Mechanobiology of organelles

Our laboratory is interested in understanding how cells and its organelles sense and adapt to mechanical signals in physiological and pathological processes.  

• Mechanical signals are intrinsically coupled to biochemical reactions. The dynamic behavior of cells is governed by biochemical processes that orchestrate virtually all cellular functions. However, molecular function is modulated not only by biochemical cues but also by mechanical stimuli. Cells, organelles, macromolecular assemblies, and even individual molecules exhibit a high degree of sensitivity to mechanical forces, such as hydrostatic pressure or tensile strain. For instance, mechanical deformation of the nucleus has been shown to rapidly influence gene expression, reflecting the capacity of biomolecules to detect and respond to external mechanical inputs.

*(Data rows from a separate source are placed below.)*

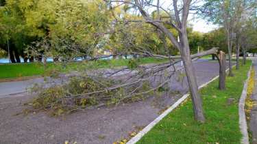 El viento derribó árboles, postes y carteles. Una menor herida al caer una rama en la Costanera.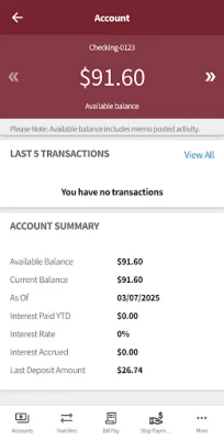 Account Controls: Deposit checks, transfer money between accounts, pay bills, receive instant real-time alerts for account activity, and view your account balance, all from the home screen.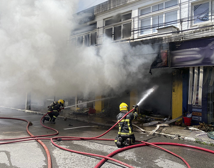Um incêndio de grandes proporções atingiu uma loja no centro de Imbituba, ontem pela manhã.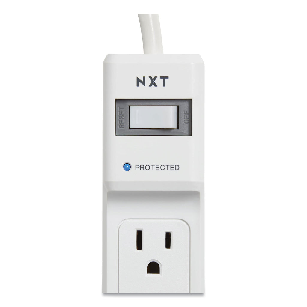 Protect delicate electronics and data from power surges. Integrated circuit breaker automatically switches off in the event of an overload that exceeds the surge protector's ability to suppress the signal. Space-saving right-angle plug.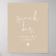 Este sinal de bar de snack apresenta uma fonte manuscrita bege e um design moderno minimalista com uma combinação de cor branca e bege gigante. Altere facilmente as cores da fonte e a cor do plano de fundo para corresponder ao estilo do evento. Par com itens adicionais da Coleção INDIE para uma aparência coesa.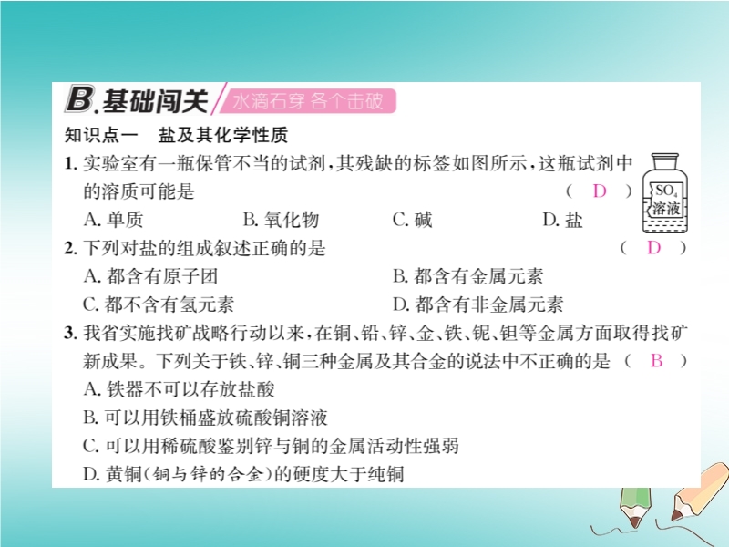 【内容简介】2019春沪教版九年级化学下册《第7章第3节 几种重要的盐(第1课时)》习题课件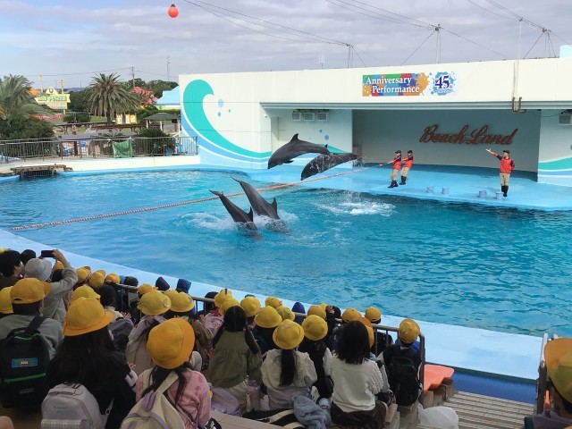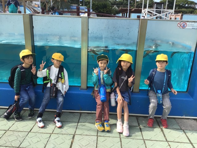 天気もよく、楽しく見学をすることができました。グループ活動もみんなで協力できました。バックヤードでは、赤ちゃんの海亀を触ることができました。イルカショーは迫力あるショーを興味をもってみました。おいしいお弁当ありがとうございました。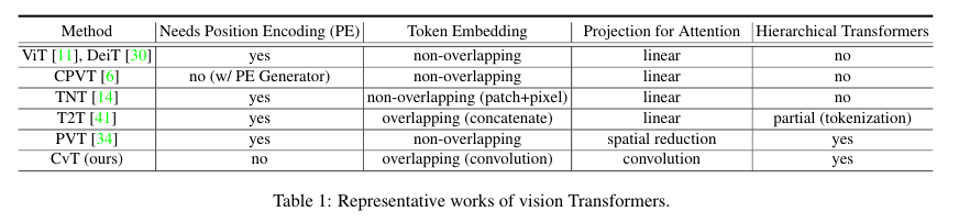요약하면, 우리가 제안한 컨볼루션 비전 트랜스포머(CvT)는 로컬 수용 필드, 공유 가중치 및 공간 하위 샘플링과 같은 CNN의 모든 이점을 사용하는 동시에 동적 주의, 글로벌 컨텍스트 융합 및 더 나은 일반화라는 트랜스포머의 모든 장점을 유지한다.

• How do cells respond and adapt to mechanical stress? To sense and respond to mechanical stimuli, cells rely on mechanosensitive and mechanoresponsive molecules, some of which have been characterized by our group (Echarri A. et al., Nature Communications, 2019; García-García et al., Nature Communications, 2022; Echarri A., Biomolecules, 2022). Mechanosensitive molecules can undergo physical deformation, such as stretching, which alters their conformation and function—for example, by increasing their affinity for a substrate or exposing novel binding sites for interacting partners. These conformational changes are subsequently translated into biochemical signals in a process known as mechanotransduction, which constitutes a molecular mechanism by which cells interpret and adapt to both external and internal mechanical cues.    

   

• Human diseases and mechanical stress. Mechanotransduction pathways play a fundamental role in numerous physiological processes, including cell proliferation, differentiation, aging, inflammation, migration, and metabolism. Consequently, mutations in genes encoding components of these pathways are frequently associated with a range of human diseases, such as premature aging syndromes, muscular dystrophies, lipodystrophies, cardiac dysfunction, and cancer (García-García et al., Nature Communications, 2022). Therefore, elucidating the molecular mechanisms underlying the physiological and pathological adaptation of cells to mechanical cues is essential for understanding disease etiology and identifying potential therapeutic targets. 

• Our current projects. Despite recent advances, our understanding of mechanotransduction pathways operating within cellular organelles and other subcellular structures remains limited (Biomolecules, 2022, Current Opinion in Cell Biology, 2020). Through integrative bioinformatic analyses, we have identified several candidate pathways potentially involved in cellular mechanotransduction. We are currently studying how the nucleus, specifically the nuclear envelope, adapts to different types of stress, including mechanical stress. In addition, we are investigating the relationship between mechanical stress and the ability of tumor cells to evade the immune response (see specific research lines for further details).